=== Work to be completed ===
Extract the full listing verbatim and drop any pictures from your copy.

=== Recorded information ===
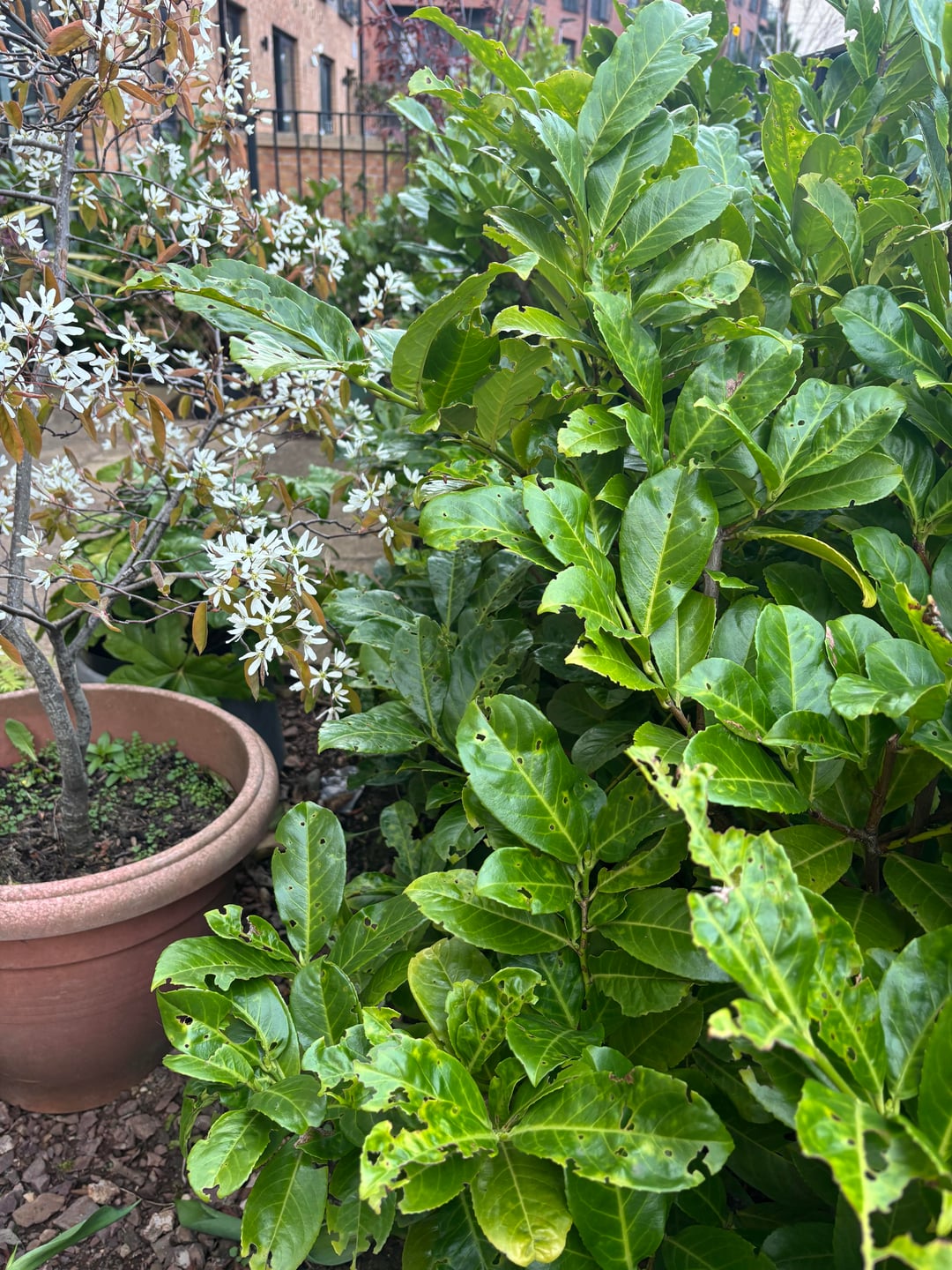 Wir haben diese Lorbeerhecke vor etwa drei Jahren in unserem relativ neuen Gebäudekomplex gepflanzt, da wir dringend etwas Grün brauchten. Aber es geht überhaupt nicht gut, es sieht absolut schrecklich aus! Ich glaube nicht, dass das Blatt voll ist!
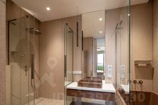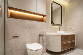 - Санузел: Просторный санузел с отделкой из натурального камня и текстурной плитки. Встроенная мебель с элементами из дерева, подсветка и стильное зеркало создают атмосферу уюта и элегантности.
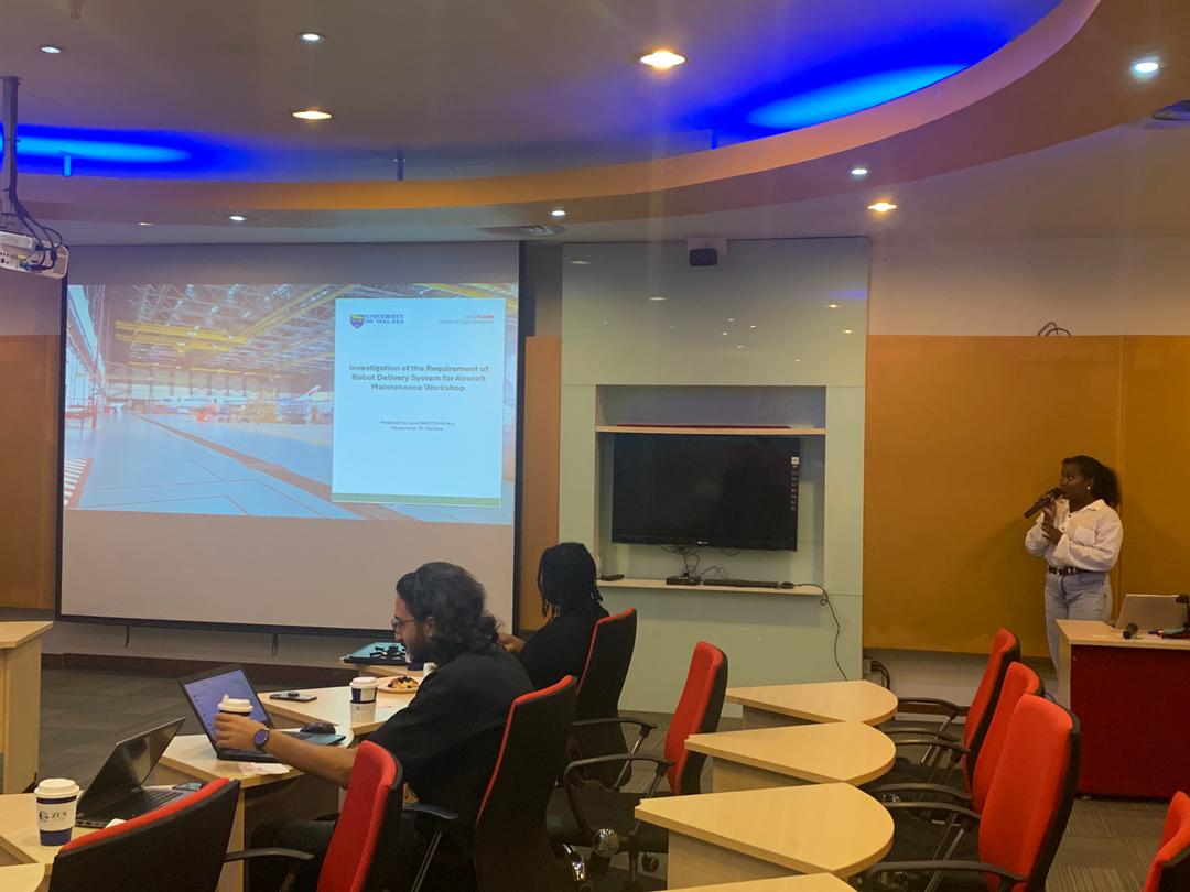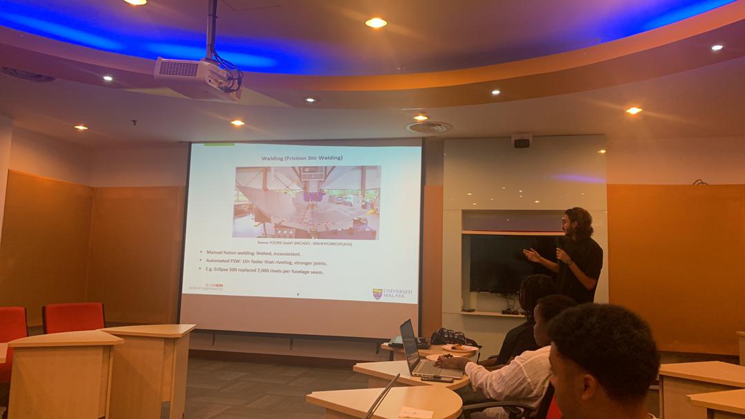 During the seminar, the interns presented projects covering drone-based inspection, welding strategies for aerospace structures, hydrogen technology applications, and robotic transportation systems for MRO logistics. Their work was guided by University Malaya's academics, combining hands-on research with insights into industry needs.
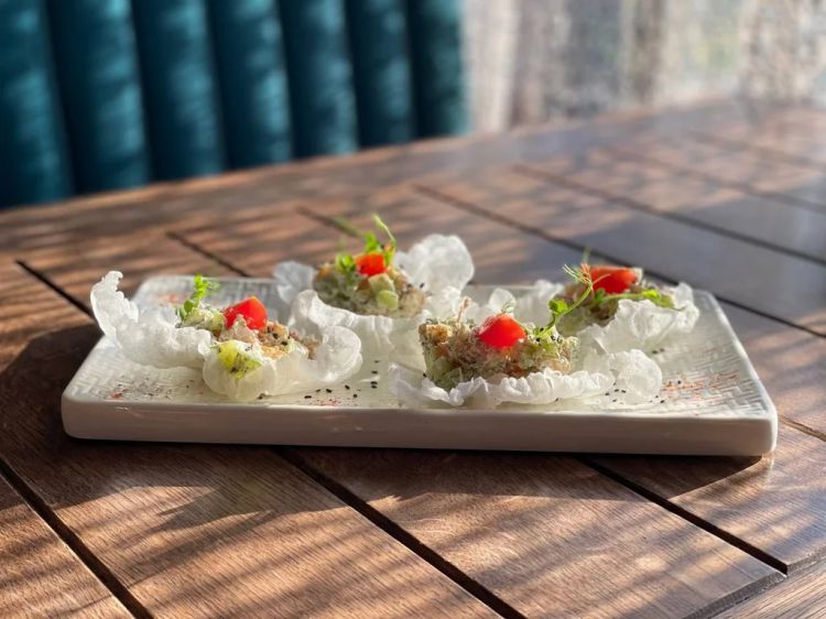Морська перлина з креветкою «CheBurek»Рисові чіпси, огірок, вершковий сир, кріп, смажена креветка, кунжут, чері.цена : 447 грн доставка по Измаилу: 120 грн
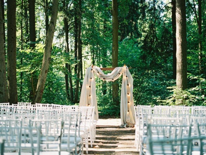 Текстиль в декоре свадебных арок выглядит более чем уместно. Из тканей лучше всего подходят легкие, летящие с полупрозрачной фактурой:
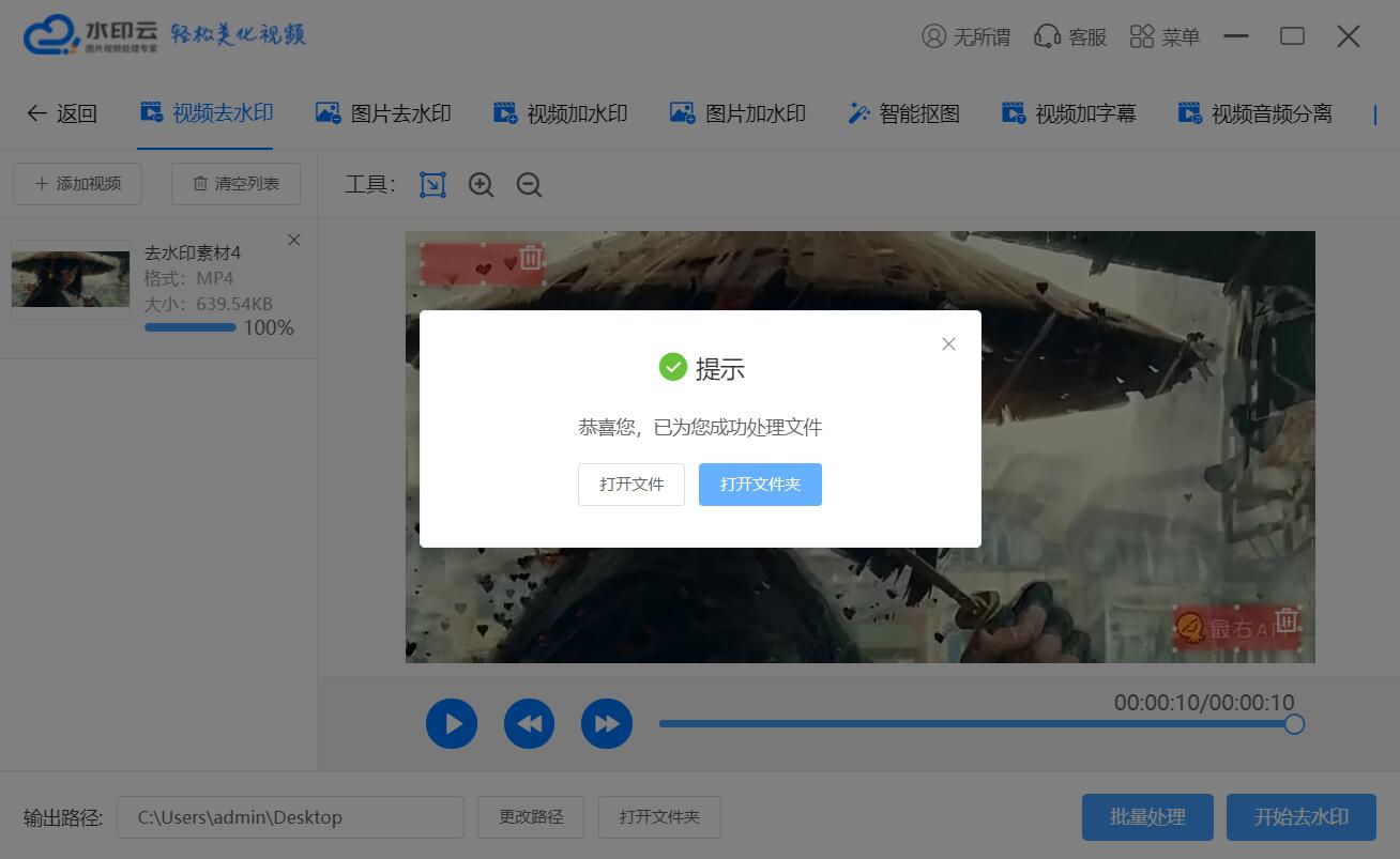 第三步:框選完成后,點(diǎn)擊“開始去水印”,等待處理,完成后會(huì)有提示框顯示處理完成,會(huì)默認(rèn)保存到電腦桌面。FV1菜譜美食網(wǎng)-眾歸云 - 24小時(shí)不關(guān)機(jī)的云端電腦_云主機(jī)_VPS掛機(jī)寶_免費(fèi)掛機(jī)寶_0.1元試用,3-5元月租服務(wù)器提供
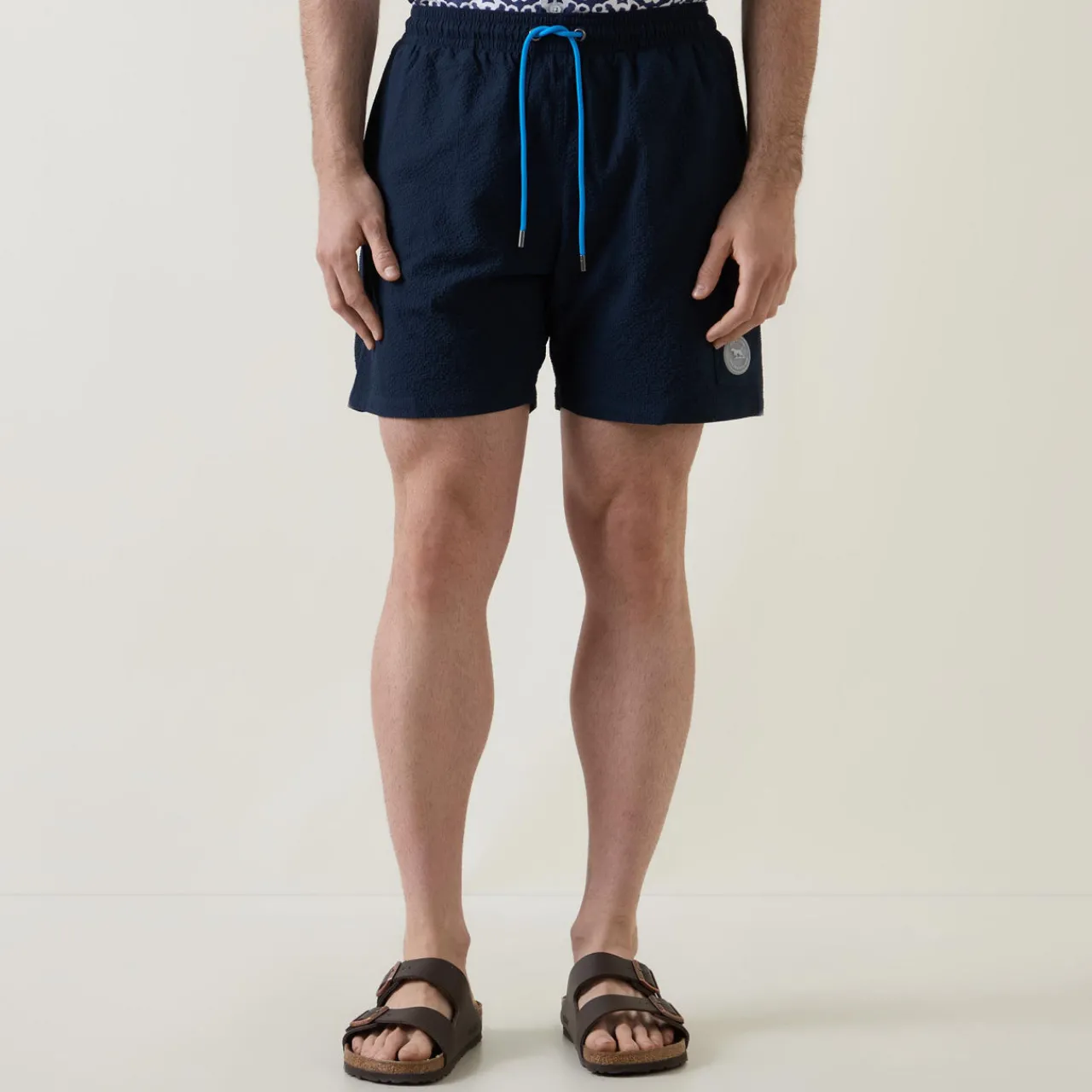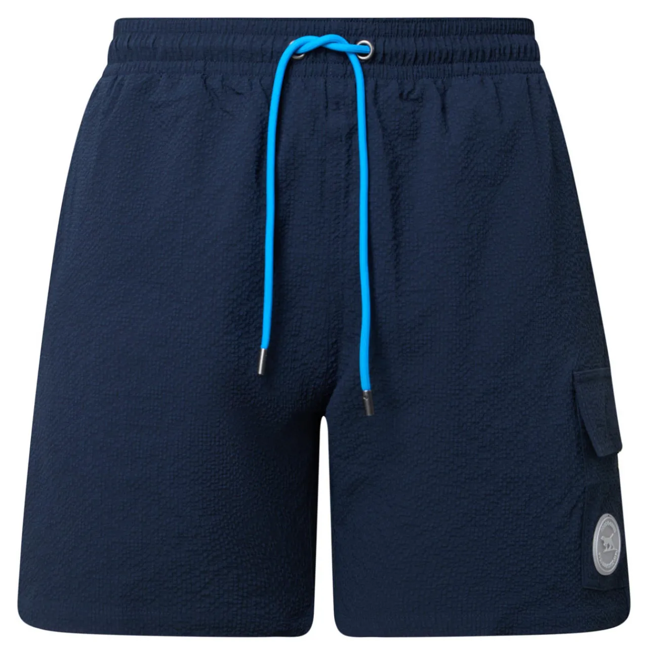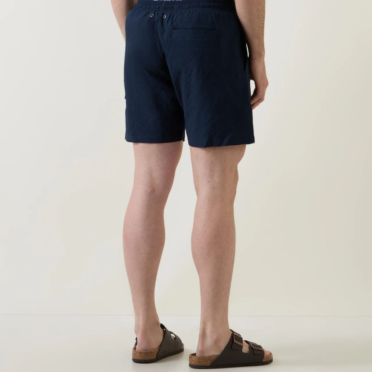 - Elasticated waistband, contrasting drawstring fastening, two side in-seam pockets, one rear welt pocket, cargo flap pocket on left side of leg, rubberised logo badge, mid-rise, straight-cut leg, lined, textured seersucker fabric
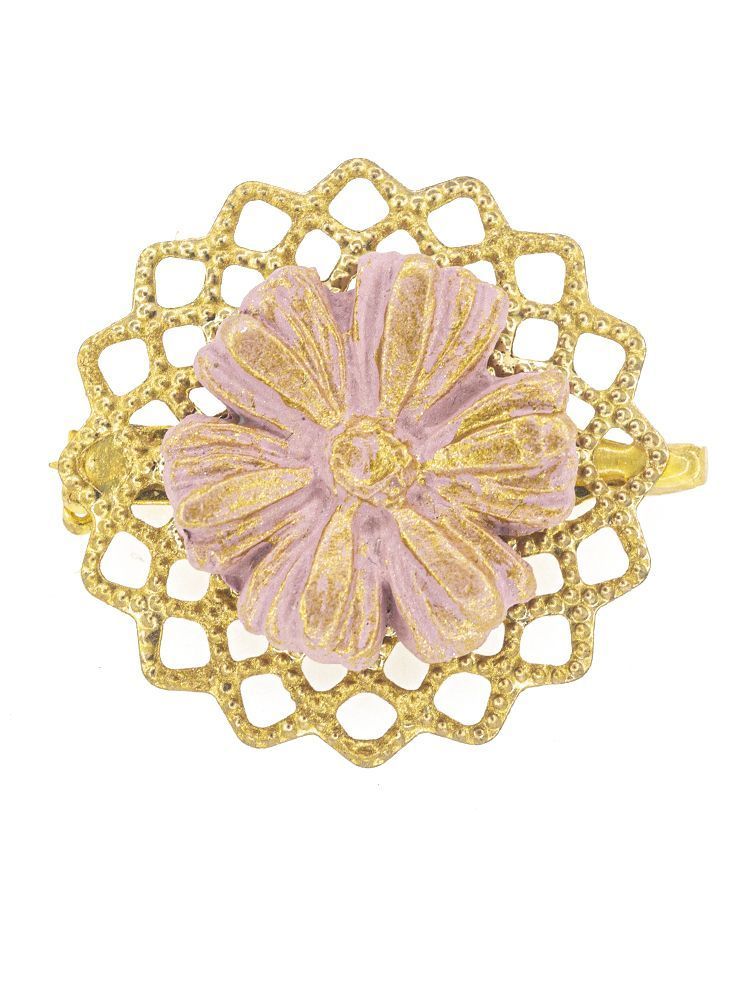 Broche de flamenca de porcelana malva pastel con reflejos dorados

=== Response area ===
 Wir haben diese Lorbeerhecke vor etwa drei Jahren in unserem relativ neuen Gebäudekomplex gepflanzt, da wir dringend etwas Grün brauchten. Aber es geht überhaupt nicht gut, es sieht absolut schrecklich aus! Ich glaube nicht, dass das Blatt voll ist!
 - Санузел: Просторный санузел с отделкой из натурального камня и текстурной плитки. Встроенная мебель с элементами из дерева, подсветка и стильное зеркало создают атмосферу уюта и элегантности.
 During the seminar, the interns presented projects covering drone-based inspection, welding strategies for aerospace structures, hydrogen technology applications, and robotic transportation systems for MRO logistics. Their work was guided by University Malaya's academics, combining hands-on research with insights into industry needs.
Морська перлина з креветкою «CheBurek»Рисові чіпси, огірок, вершковий сир, кріп, смажена креветка, кунжут, чері.цена : 447 грн доставка по Измаилу: 120 грн
 Текстиль в декоре свадебных арок выглядит более чем уместно. Из тканей лучше всего подходят легкие, летящие с полупрозрачной фактурой:
 第三步:框選完成后,點(diǎn)擊“開始去水印”,等待處理,完成后會(huì)有提示框顯示處理完成,會(huì)默認(rèn)保存到電腦桌面。FV1菜譜美食網(wǎng)-眾歸云 - 24小時(shí)不關(guān)機(jī)的云端電腦_云主機(jī)_VPS掛機(jī)寶_免費(fèi)掛機(jī)寶_0.1元試用,3-5元月租服務(wù)器提供
 - Elasticated waistband, contrasting drawstring fastening, two side in-seam pockets, one rear welt pocket, cargo flap pocket on left side of leg, rubberised logo badge, mid-rise, straight-cut leg, lined, textured seersucker fabric
 Broche de flamenca de porcelana malva pastel con reflejos dorados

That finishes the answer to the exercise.